I saw this coming four years ago. First we had China making currency swap deals with small countries such as Malaysia, Belarus and Turkey. Then larger and more important countries like Brazil, Russia and the Middle East oil producers joined in too and, earlier this year, 10 ASEAN Nations also arranged currency swap deals with China. Then India and China took the huge step of arranging currency swaps worth billions with Japan. And, not that long ago we heard that India, due to her large demand for oil, has now agreed to pay for her Iran oil by using both gold and rupees(thus ignoring the intermediary dollar).
Now we have China, as well as India, agreeing to pay for her Iranian oil with hard gold to avoid UN sanction penalties.
But, perhaps, the best definition of exactly what effect this will have on the abandoned petrodollar was written by Jim Sinclair. This man knows all about gold:
The SWIFT (Society for Worldwide Interbank Financial Telecommunication) system is the computer/telecom network system that controls all interbank transfer of funds worldwide. It is a part of the Anglo-American Illuminist financial hegemony. Once a country is locked out of the system, it can no longer execute payments to foreign countries/companies ie. it can no longer conduct international trade via fiat currencies. The way out is via bartering or international trade settlement via gold. Quite obviously, America has declared economic war on Iran and any country which defy America will face sanctions.
The Implications Of China Paying In Gold !
by Jim Sinclair,
The implications of China paying for Iranian oil in gold is the most important event in the modern history of gold.
1. It is reasonable to assume that China has been threatened with total or at least selective exclusion from the SWIFT system if it pays in any currency for Iranian oil.
2. Gold has been decided by China as the means of making payment for massive international purchases free of the SWIFT system.
3. Other Asian and Middle Eastern nations will now see the gold they hold as money free of Western economic interference.
4. Gold now is not only money free of liability, but also free from interference regarding settlement by the long arm of Western influence.
5. The SWIFT system is becoming ever more a weapon of Western international political will.
6. In case of war anywhere, it is now demonstrated for all to see that only gold will buy the materials required. Paper currencies are under the SWIFT system’s control in settlement.
7. Far from being a barbaric relic, gold is now clearly the money of state survival in every sense.
8. It is reasonable and possible for the supply of physical gold to fall far behind the size of the massive short positions now common to algorithm and hedge fund paper shorts. That will make an effective cover at a reasonable price as compared to a certain day’s close impossible the following day on an exogenous event.

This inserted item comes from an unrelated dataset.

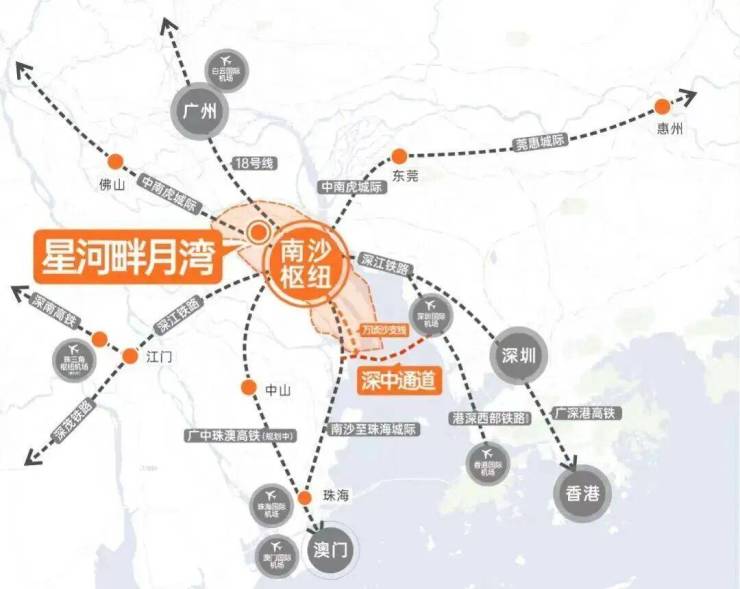 南沙区作为粤港澳大湾区核心枢纽,具备国家级新区、自贸区、广州副中心等多重战略定位,发展潜力巨大。星河·畔月湾所在的万顷沙板块,与横沥岛仅隔一江之距,共享广州地铁18号线的发展红利。未来,横沥岛规划成熟后,将直接带动周边房价上升。此外,项目紧邻南沙枢纽TOD站,未来将建成14站30线的超级轨道交通枢纽,站台规模仅次于广州南站,交通便利性进一步提升。

9. It may not be possible to use TA of any nature to determine a price of overvaluation for gold. Should the USA decide to take on China in full out economic war with the physical market totally illiquid, such as through isolation from the SWIFT system, consider the gold price that might result.
China will start buying oil for gold on June 28, 2012. and her government appears to be in the process of actually monetizing gold.
So this news is very bad indeed for the US dollar and hugely positive news for gold. Less need for the trade dollar means less US Treasuries bought by other foreign countries worldwide which means even less free credit for America from these foreign mercantilists. Well Oh Dear !!
And what effect will a trashing dollar have on the US economy's relatively unnoticed "recovery"?
You wont read about this in the WaPo, NYT or any other large media outlets in the US but it certainly looks like the "Barbaric Relic" is making quite a comeback. Such a shame about the dollar though.